Abrazar la carrera sacerdotal con semejante restricción biológica y de paso, renunciar a formar una familia propia, es simplemente condenarse a morir en vida, porque el único sentido por el que vale la pena verdaderamente existir, es el amor: amar y ser amado, el resto de los placeres, como el dinero y el sexo, son únicamente complementos.

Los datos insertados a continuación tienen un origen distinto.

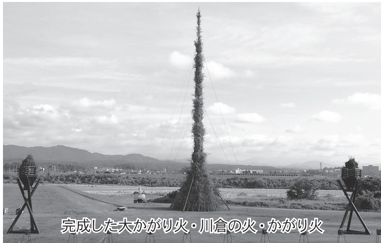
完成した大かがり火・川倉の火・かがり火

Renunciar  al amor ,es un extremo que contradice a la filosofía cristiana que entre otros preceptos, nos manda a amar y ser amado, con los cinco sentidos.
 
 Cada vez hay menos concurrencia a las iglesias para dejar sus limosnas o hacer rezar a sus muertos; es decir, cada vez son menos los ingresos económicos para la iglesia católica que además, confronta competencias con una variedad de sectas.  En Bolivia como en muchos otros países, la religión católica dejó ser la religión oficial del  Estado y con esto también mermó su influencia, una medida como la de aceptar oficialmente el matrimonio sacerdotal, devendría en su segura desaparición.
 
Ahora bien, los sacerdotes “pecadores”, ¿son el reflejo de la crisis de valores de la sociedad, o por el contrario, es un despertar a la realidad material y objetiva, de las supuestas falsas premisas en los que se funda parte de su doctrina, al imponer u obligar a sus sacerdotes virtualmente a castrarse?
 
Por otro lado,  más frecuentemente recibimos noticias de sacerdotes que comenten delitos sexuales.  Tales manifestaciones de las debilidades humanas alinterior del sacerdocio y que les obliga o induce a este tipo de comportamiento, es un timbre de alarma de antiquísima data para los jerarcas del Vaticano. Hoy por hoy, cuando la civilización se encuentra más avanzada y las personas parecieran ser más materialistas, la iglesia,  con seguridad que introducirá paulatinas reformas que acompañen a la evolución de la mentalidad de sus súbditos, quienes todavía se aferran a la creencia sobre la existencia de Dios.